On 11 Jun., 20:02, William Hughes <wpihug...@hotmail.com> wrote: > On Jun 11, 1:21 pm, WM <mueck...@rz.fh-augsburg.de> wrote: > > Your claim is that "no possibility exists to construct or to > distinguish > by one or many or infinitely many nodes of the tree another path. > > > If you have a tree that is (the nodes of which are) completely covered > > by a set of paths then you cannot show any node that will distinguish > > a further path from that given set of paths. > > You can, however, show a subset of nodes that will distinguish > a further path from that given set of paths.
But only before those paths have occupied the tree. Because after construction the given set of paths has occupied the whole tree in that it includes all possible combinations of nodes, i.e., every subset that you might think of is already represented in the tree, because it is constructed such that no subset remains.

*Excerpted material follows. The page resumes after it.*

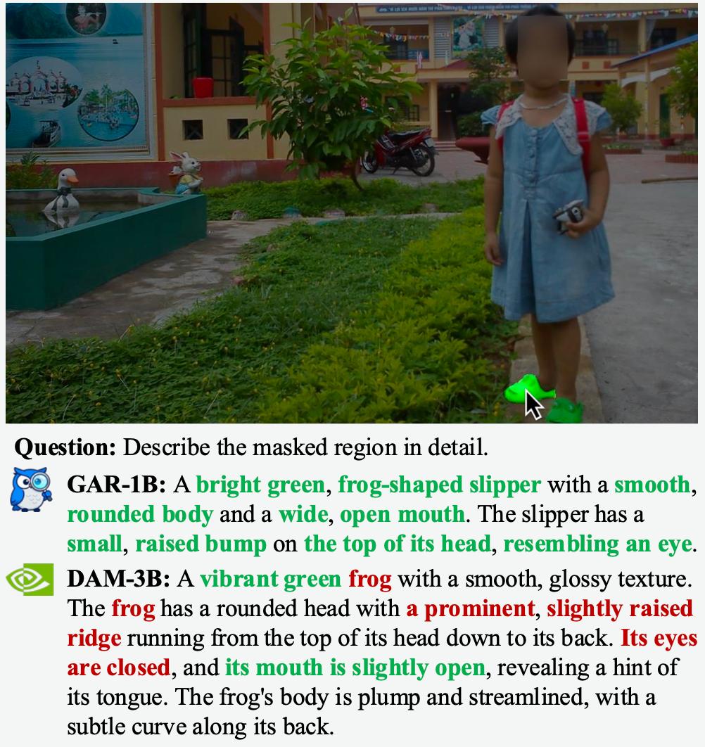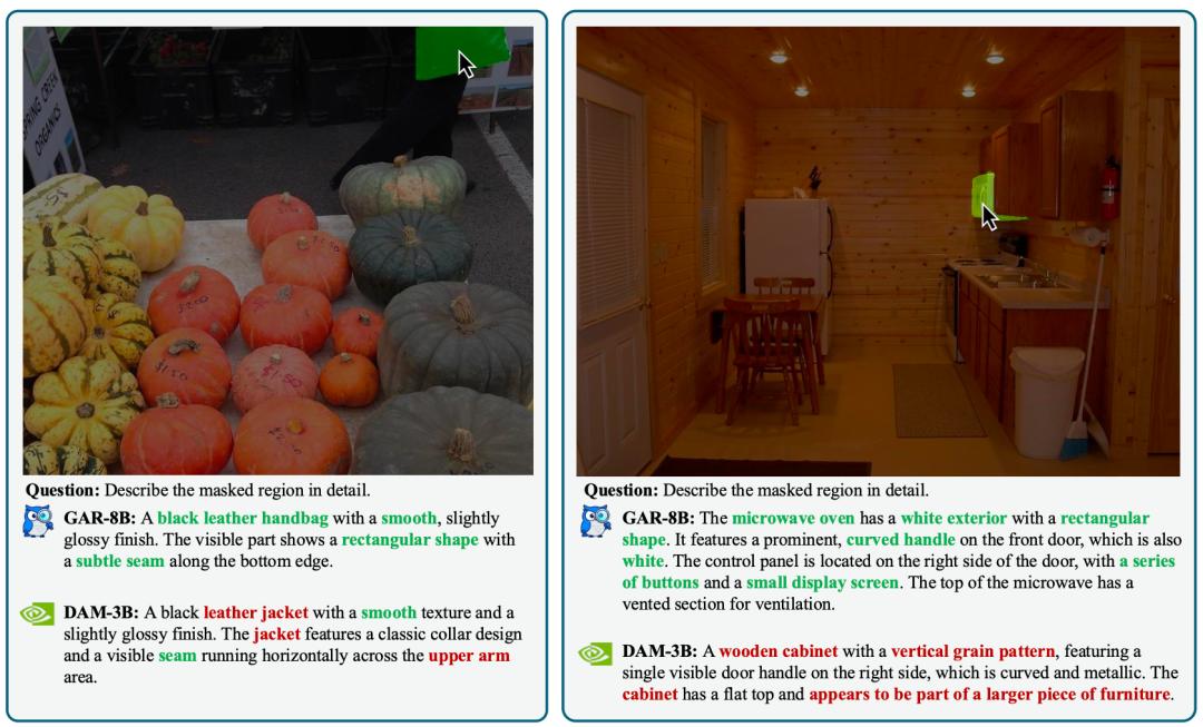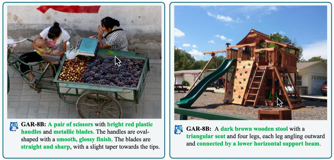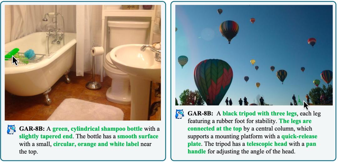 相比之下,GAR能够对用户指定区域实现精确的理解,产出更准确的描述。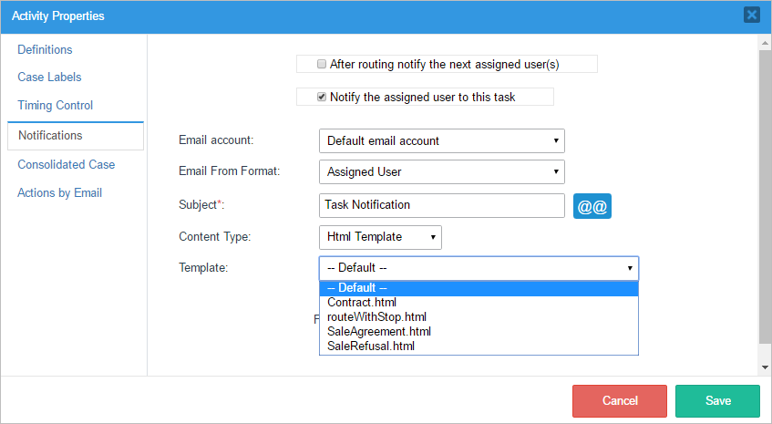 Once inside this option, check the After routing notify the next assigned user box and/or the Notify the assigned user to this task box, then write the subject of the email in the Subject field. In the Content Type field, select the option HTML Template and a dropdown list of already created templates will appear next to the Template field.

Calvin Ostrum said: They sneak in as sets of joined edges and there is nothing you can do about it.
But the contrary is true. All actually infinite paths sneak out. There is no path 0.111... There is only the set of paths 0.1 0.11 0.111 ... That set does not contain an actually infinite path. How should it? Should an infinite union of paths of the form 0.1 yield an infinite path? No The union of all finite paths does not supply an actually infinite path, no matter how large they are. All those numbers which would make R uncountable do not exist! Alas, in Cantor's list that is not so sharply visible.
It's getting time to recognize that actual infinity is actually absent.